Desire is often talked about in Christian circles as something we ought to overcome. However, to say it plainly, desiring is to be, is to exist, is to be human. Every part of who we are is filled with desire. We desire with our bodies, with our minds, with our spirits. The whole soul of a person is made to desire. Some desires are unruly and can be distracting. Some desires lead us to deep thoughts. Other desires lead us to visions of greatness and beauty. Some desires are essential if we are to learn how to love, and how to receive it. Without desire, when would we have ever called out to God?

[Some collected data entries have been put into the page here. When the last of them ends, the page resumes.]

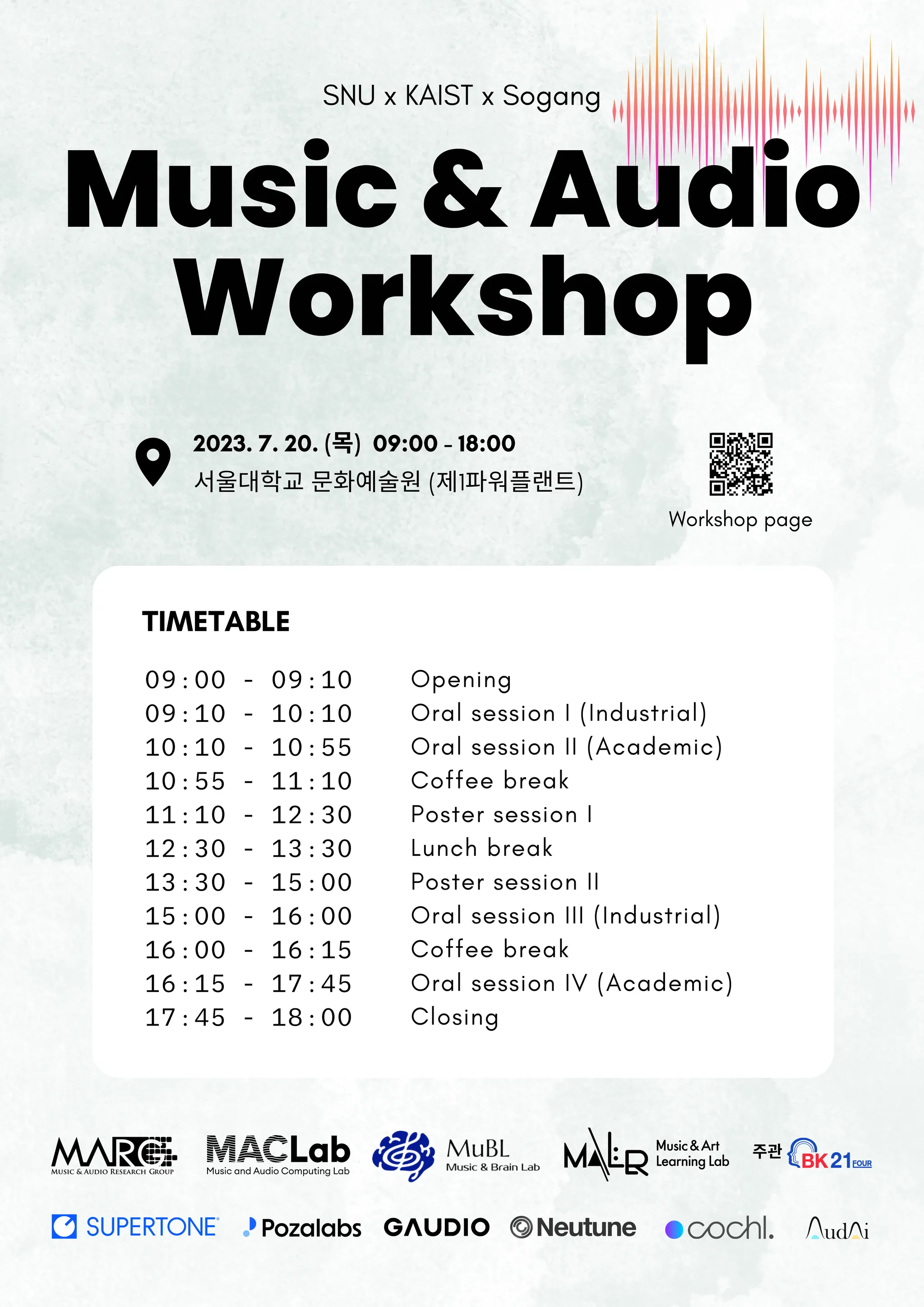 본 행사는 음악 및 오디오 연구를 주도하고 있는 연구실과 기업이 모여 연구 성과를 공유하고, 연구자들 간 교류를 증진시키는 행사입니다.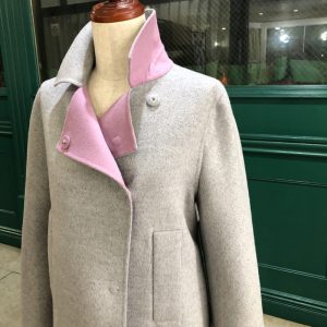 ▲フランス ハーフコート 裏地ボタンホール赤生地使用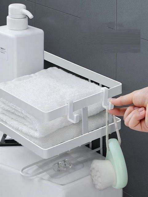 更に予備トイレペーパー,生理ナプキン置き場所としても最適です。フック付きますので,雑巾やブラシなども引掛けます。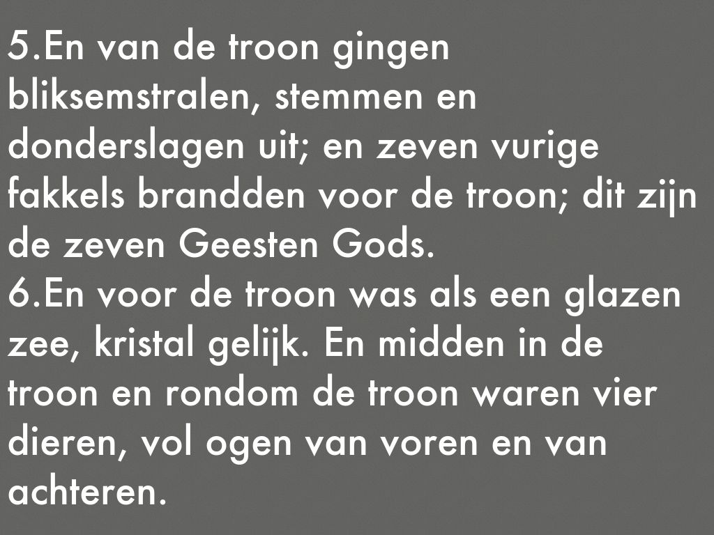 5.En van de troon gingen bliksemstralen, stemmen en donderslagen uit; en zeven vurige fakkels brandden voor de troon; dit zijn de zeven Geesten Gods.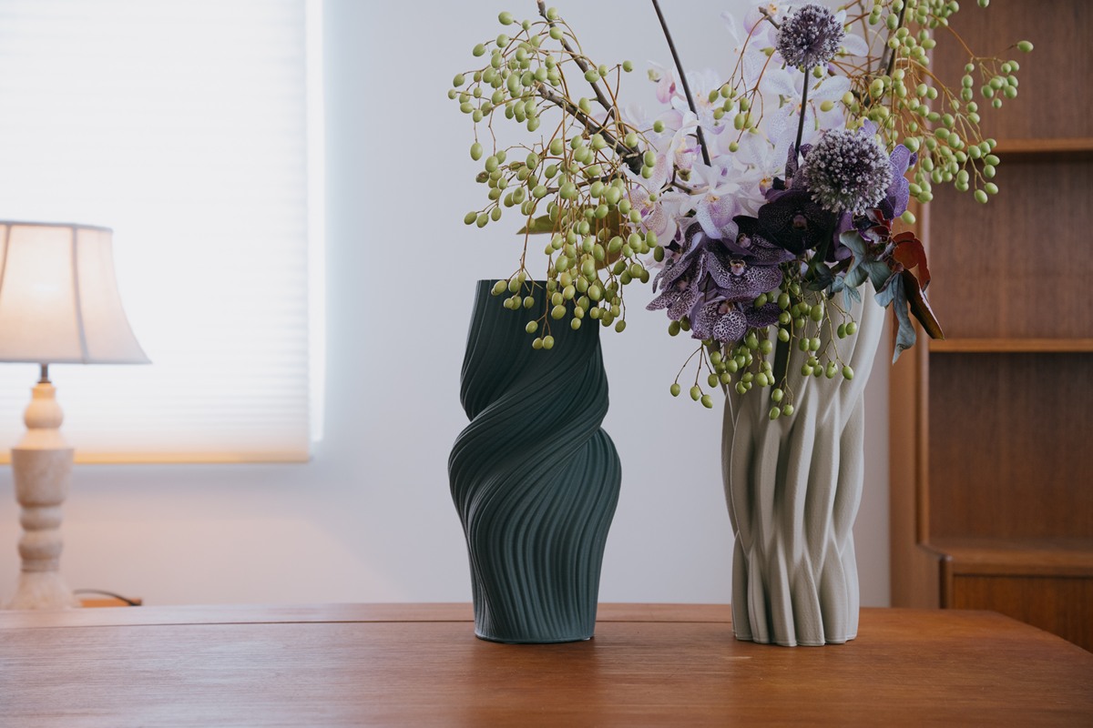由HOLA設計的查莉 3D 雕塑感陶瓷花器,跳脫傳統圓潤器型,使用 3D 列印打造像建築、雕塑一樣的立體線條,經過高溫燒製後,花器保有陶瓷特有的溫潤質感,同時更加輕巧好移動,內部列印時的細微刻痕,有助於固定花材,是一款非常適合新手使用的花器。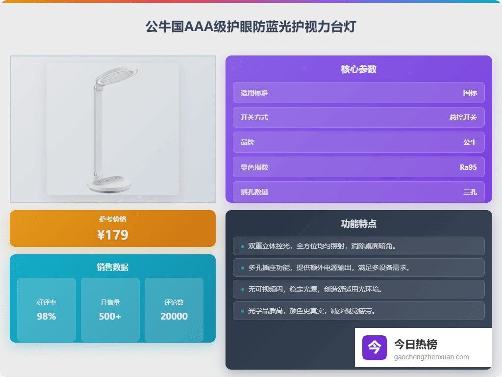 其实,市面上护眼台灯的选择真的很多,价格也参差不齐。我个人觉得,没必要追求特别贵的,选择一款性价比高的,用起来舒服就行。像公牛的台灯,在护眼和实用性上做得都还行,而且价格也比较亲民,所以还是挺值得考虑的。下面给大家挑了7款,感兴趣的可以了解下。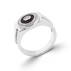 Runder Herrenring aus 925 Silber mit schwarzer Emaille, Größe 21 mm
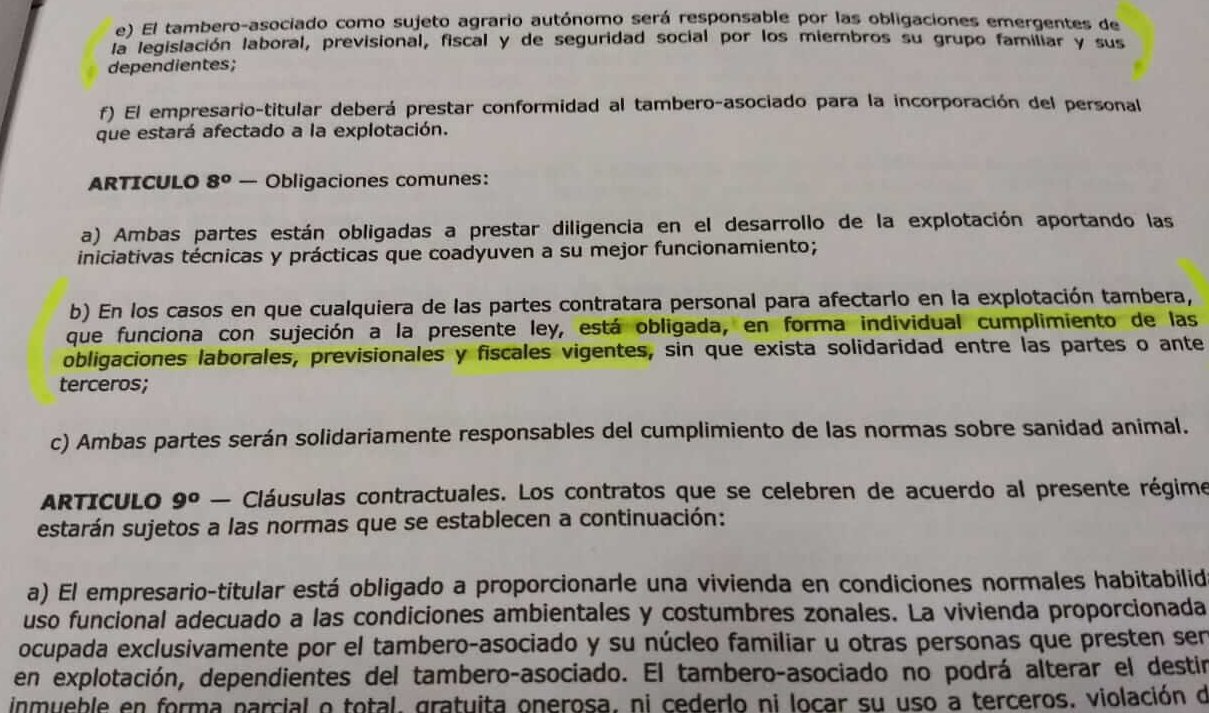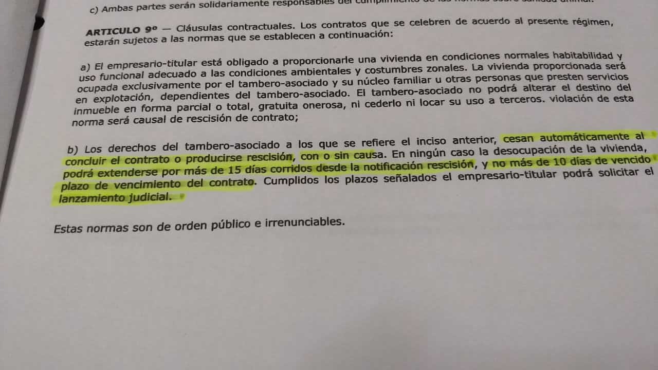 “Lo importante es que se reduzca ese plazo de 30 días. A más tardar, en cinco días el tambero se tiene que ir. A esto, ahora, se sumó el tema de los menores. Vienen autoridades y no dejan que esa persona salga hasta que consiga otro trabajo o hasta que los menores sean mayores. Es una locura”, expresa.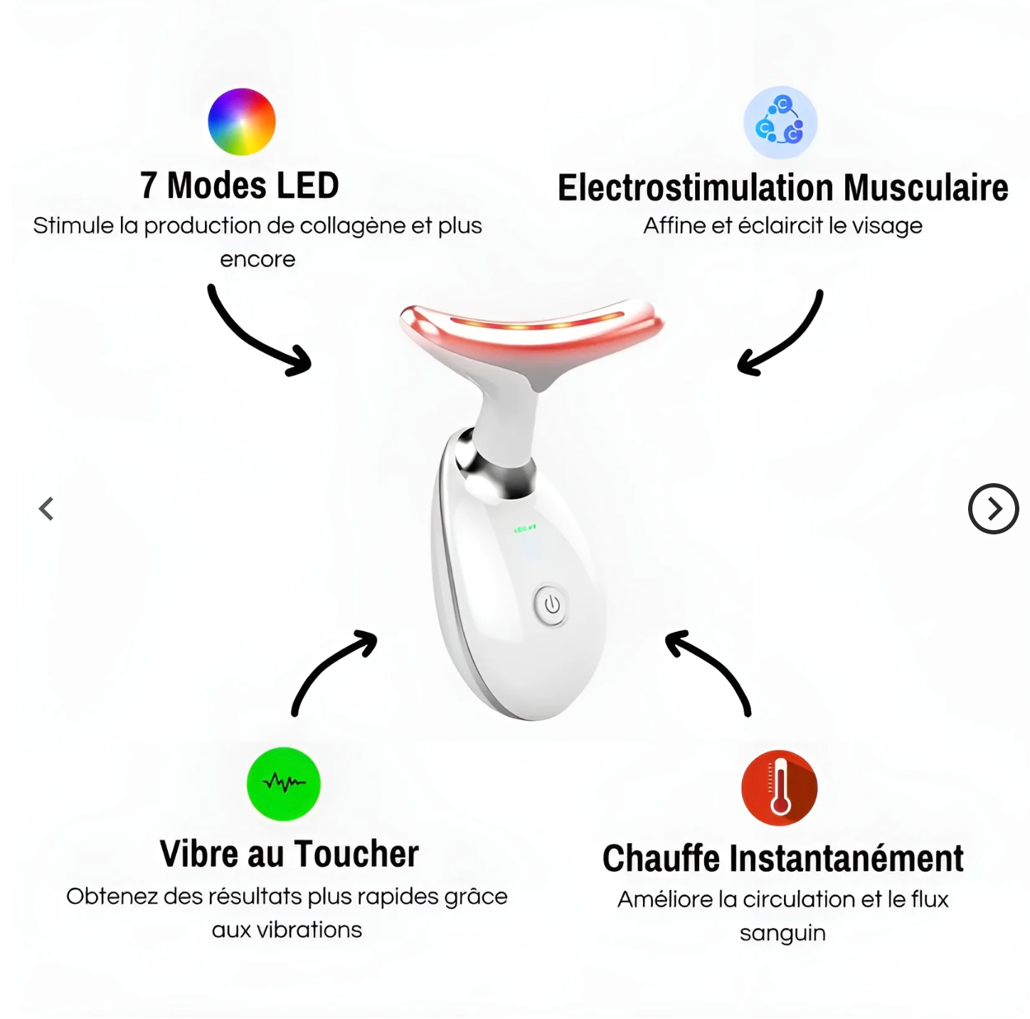 TONILIFT utilise une technologie de lumière LED combinée à des vibrations chauffantes pour stimuler la production de collagène, raffermir la peau et réduire les signes de l’âge. Chaque couleur LED cible un besoin spécifique : anti-rides, éclat, élasticité ou anti-imperfections.

Let me say something which you should know: your desire for God is the desire that should shape all our other desires. Saint Augustine said it this way, that our love for God should order all our other loves. If this desire is put in its proper primary place, our lives begin to work as they were created too. If this desire is somewhere down the list in our hearts, we will find our mind and body at war with themselves, and both in conflict with our spirit Our inner life will be characterized by chaos, emotional turmoil, and pain. There is only one place such a heart will lead us to, which is despair.


So, how do we elevate our desire for God in our hearts? How do we begin to delight in Him above all other things? The answer almost seems too simple, but it is to pray. To delight yourself in God implicitly demands that prayer become a center for our living. We need to begin living a prayerful life, and the more we do, the more we will desire to pray, to spend time with Him, and Him alone. 

This is always the opposite of what people assume. We believe that our desire to pray will remain the same, that our motivations cannot be changed or increased. Yet the truth experienced by all who commit themselves to prayer is that the more we do it, the more we wish to do it. The desire to pray and the desire to pray more is always growing. As we go through our day we begin to perceive the LORd in the people we meet, and in the events we go through. As a result our desire for him is made more, and we want to be with him one on one. A transformation has occurred, where we  see prayer as a great gift, our hearts true delight. This is the true understanding of our passage today, that in making God our delight, the one I am focussed on with all my affections, leads us to receiving the very thing our hearts so desire- Him.

If we are going to speak of desire, there is one more thing I need to make clear. I have come to believe that. The necessity to pray and to pray without ceasing, is not based on our desire for God as mach as it comes from His desire for us. God passionately pursues us, and when this is seen, it moves us to want to pray. Prayer is God’s initiative, and in no ways ours. Therefore prayer becomes a way of life for His disciples. Everything else flows from it. For those who follow after Christ we never step out of this life where prayer is at the very center, even the most necessary thing.